To do: Repeat everything from the first line of the listing below through the line that contains "في سنة 1861", exactly. Leave out pictures.

Data segment:
..........

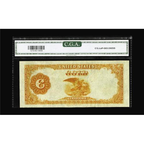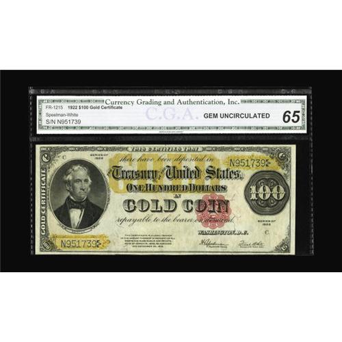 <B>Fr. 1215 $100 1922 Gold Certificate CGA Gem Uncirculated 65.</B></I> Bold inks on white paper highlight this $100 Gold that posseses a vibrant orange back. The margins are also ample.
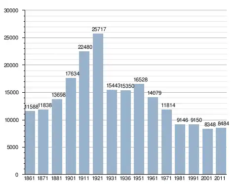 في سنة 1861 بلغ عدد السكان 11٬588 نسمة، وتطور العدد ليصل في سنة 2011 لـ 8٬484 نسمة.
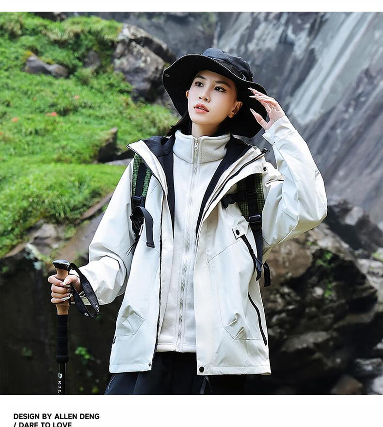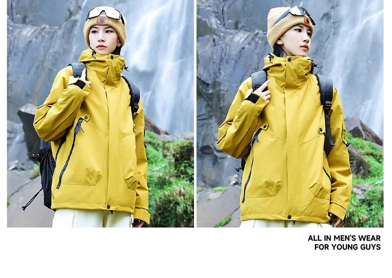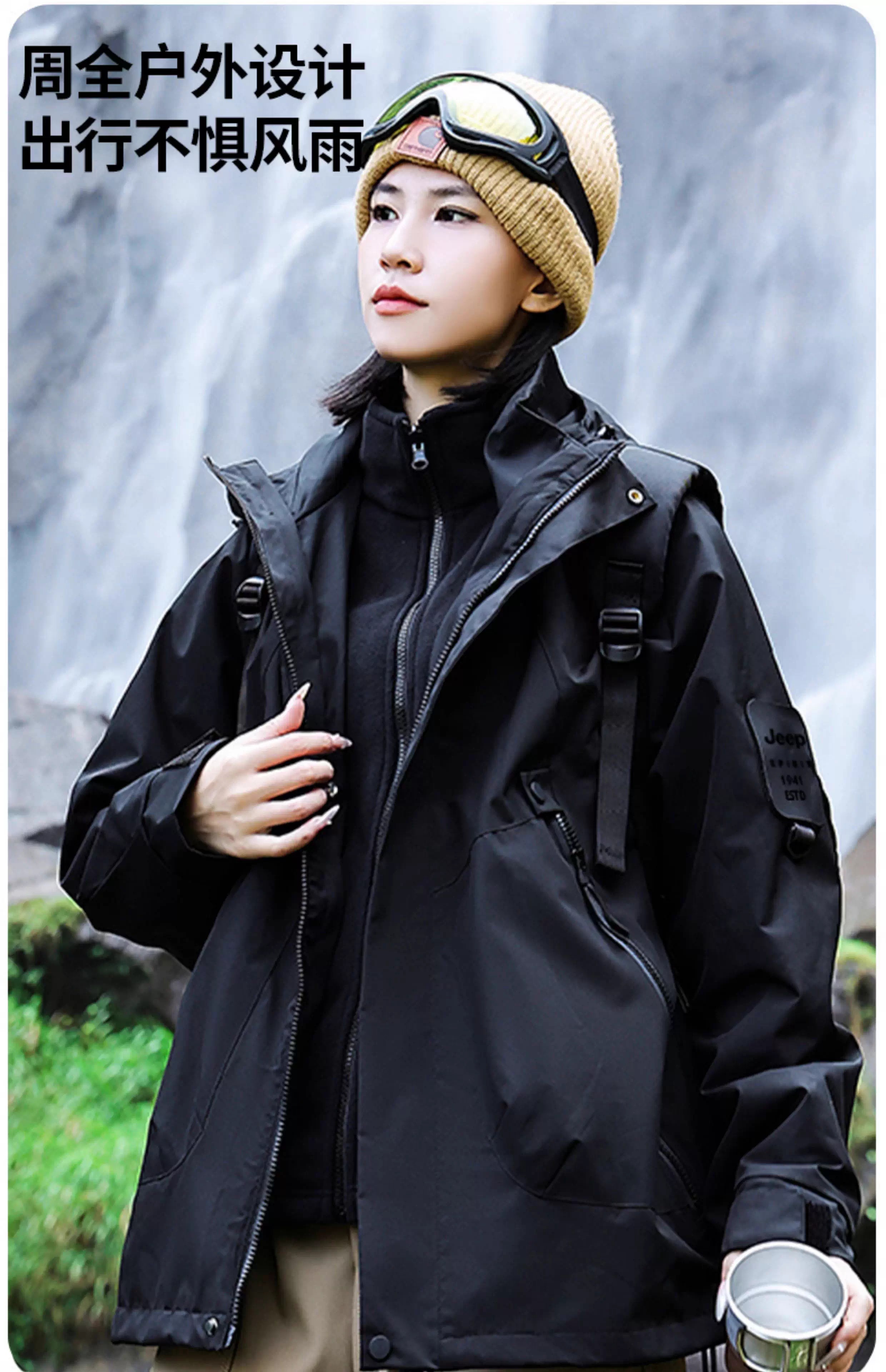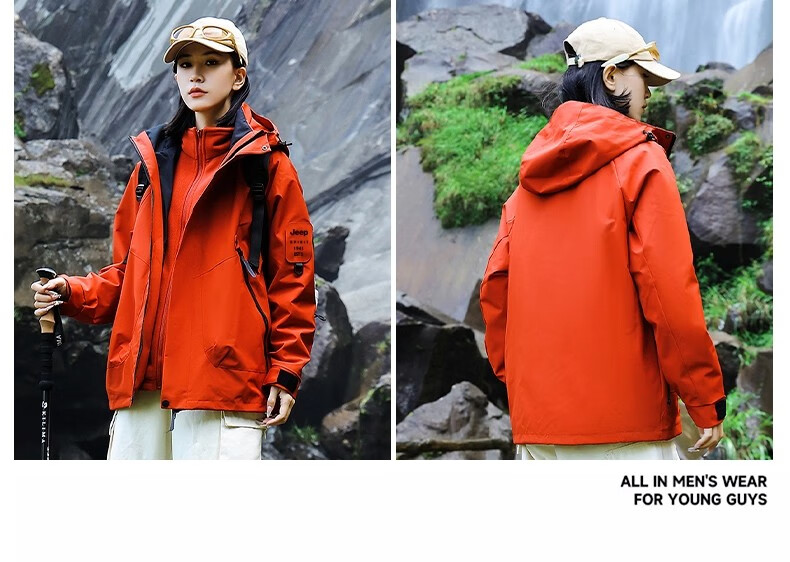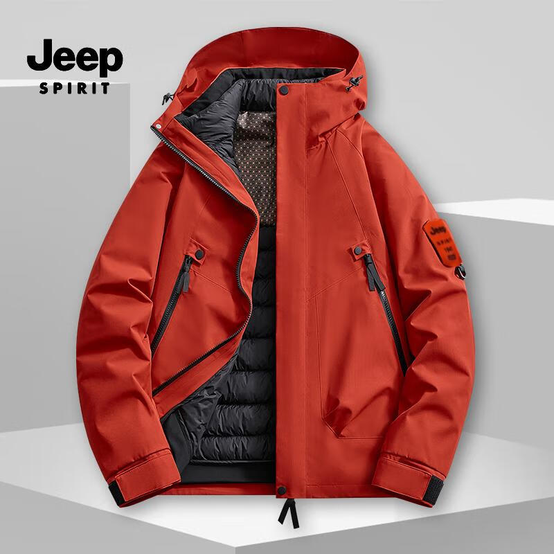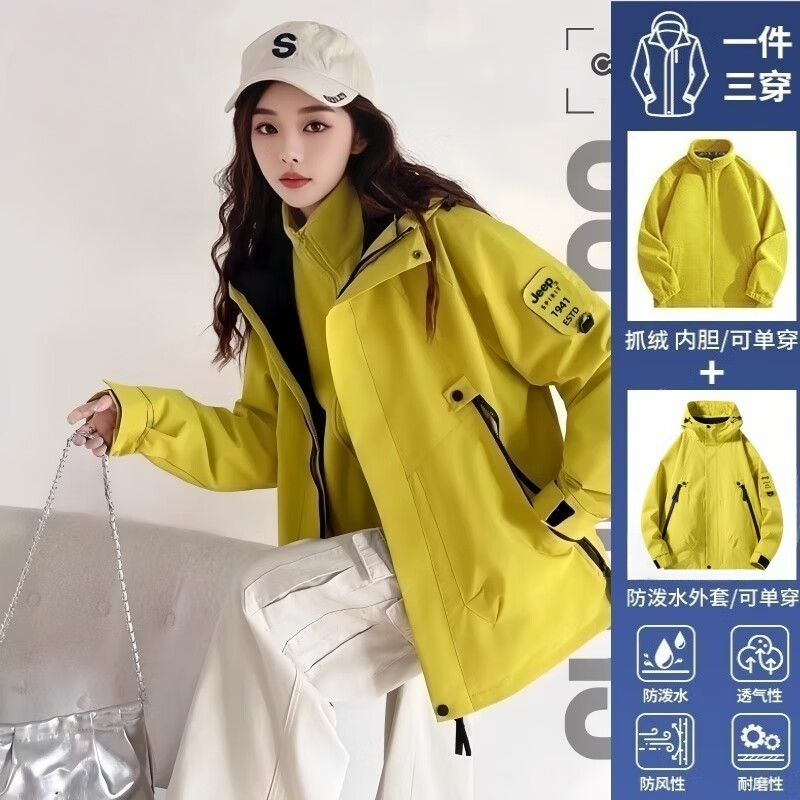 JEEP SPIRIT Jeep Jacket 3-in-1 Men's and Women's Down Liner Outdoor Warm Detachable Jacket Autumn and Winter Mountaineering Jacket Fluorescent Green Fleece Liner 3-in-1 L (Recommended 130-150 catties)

..........

Exercise solution:
 <B>Fr. 1215 $100 1922 Gold Certificate CGA Gem Uncirculated 65.</B></I> Bold inks on white paper highlight this $100 Gold that posseses a vibrant orange back. The margins are also ample.
 في سنة 1861 بلغ عدد السكان 11٬588 نسمة، وتطور العدد ليصل في سنة 2011 لـ 8٬484 نسمة.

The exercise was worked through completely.